Levando-se em conta os dois exemplos extremos aqui ressaltados, o jogador coletivo e o individualista, podemos notar que os grandes times de todos os tempos tinham na sua formação pelo menos um grande jogador coletivo. Geralmente esse tipo de atleta tem uma qualidade extremamente importante: desenvolve uma liderança natural e positiva em relação aos demais, induzindo à união do grupo, o que facilita em muito a conquista da vitória. Os individualistas, ao contrário, mais criam problemas que geram soluções.

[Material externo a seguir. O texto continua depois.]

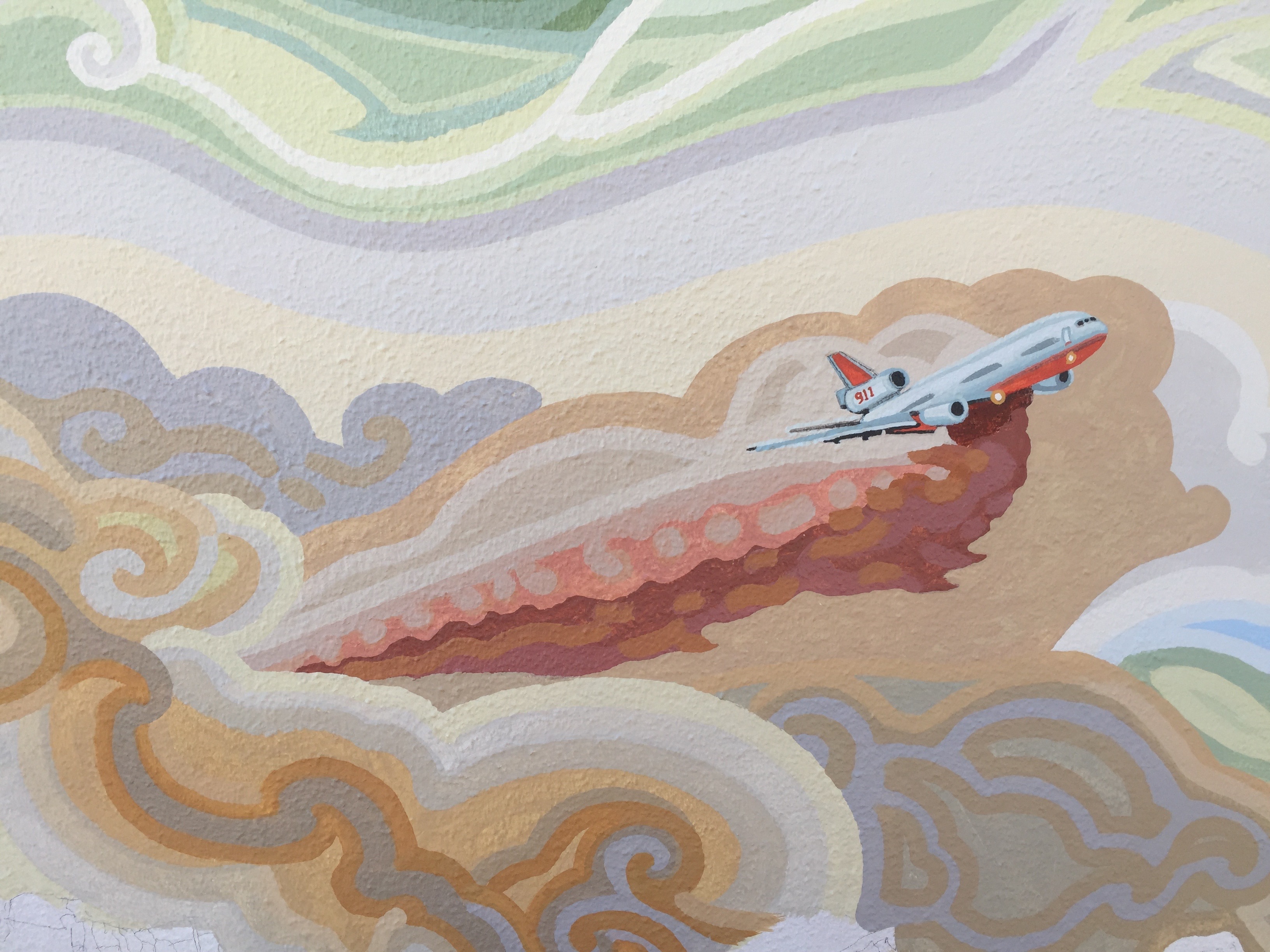 These Ranch and River fires became the Mendocino Complex wildfire, at that time the largest in California history! Through the days and weeks, we all wore face masks and I painted in the orange gloom. The town was full of firefighters from all over the state, nation and other countries. Everywhere we went, we thanked them. People wouldn’t let firefighters pay for groceries, drinks and meals. Hundreds of firefighting planes flew over the Conference Center. At some point it dawned on me that the service panel needed to be about our firefighters.

A maioria dos demais jogadores tem as duas características acima mencionadas, e muitas outras também, em quantidades variáveis, e dependem da presença ou não de líderes naturais para manifestarem as suas tendências. Quando no time existe um ou mais líderes, comportam-se como jogadores coletivos; na ausência deles, se transformam em individualistas ou, mesmo, em acomodados. Na vida em sociedade isso também ocorre.
Pelo que foi exposto neste artigo, fica claro que a presença de um ou mais líderes positivos em um time de futebol é condição indispensável para o seu sucesso. Um exemplo recente do que a falta de uma liderança dentro de campo pode ocasionar foi o pífio desempenho da nossa seleção no último mundial da Alemanha.
Apenas excepcionalmente a escalação de um ou no máximo dois jogadores individualistas pode se justificar: quando a sua qualidade técnica extrapolar em muito a média existente num determinado momento. Foi o que aconteceu com o Romário na Copa de 1994, por exemplo. Em qualquer outra situação, é injustificável. Na maioria das vezes esses jogadores apenas provocam a desunião do grupo, e o objetivo maior que qualquer clube persegue, a conquista de campeonatos, torna-se, quase sempre, impossível de ser alcançado.
Assim, espero tê-los convencido de que o pai do meu amigo, que mencionei no início, tinha razão ao sugerir que o comportamento dos jogadores numa partida funciona como um espelho, que reflete exatamente as tendências que todos nós, seres humanos, temos no nosso interior.
Talvez, por isso, o futebol desperte tanta paixão.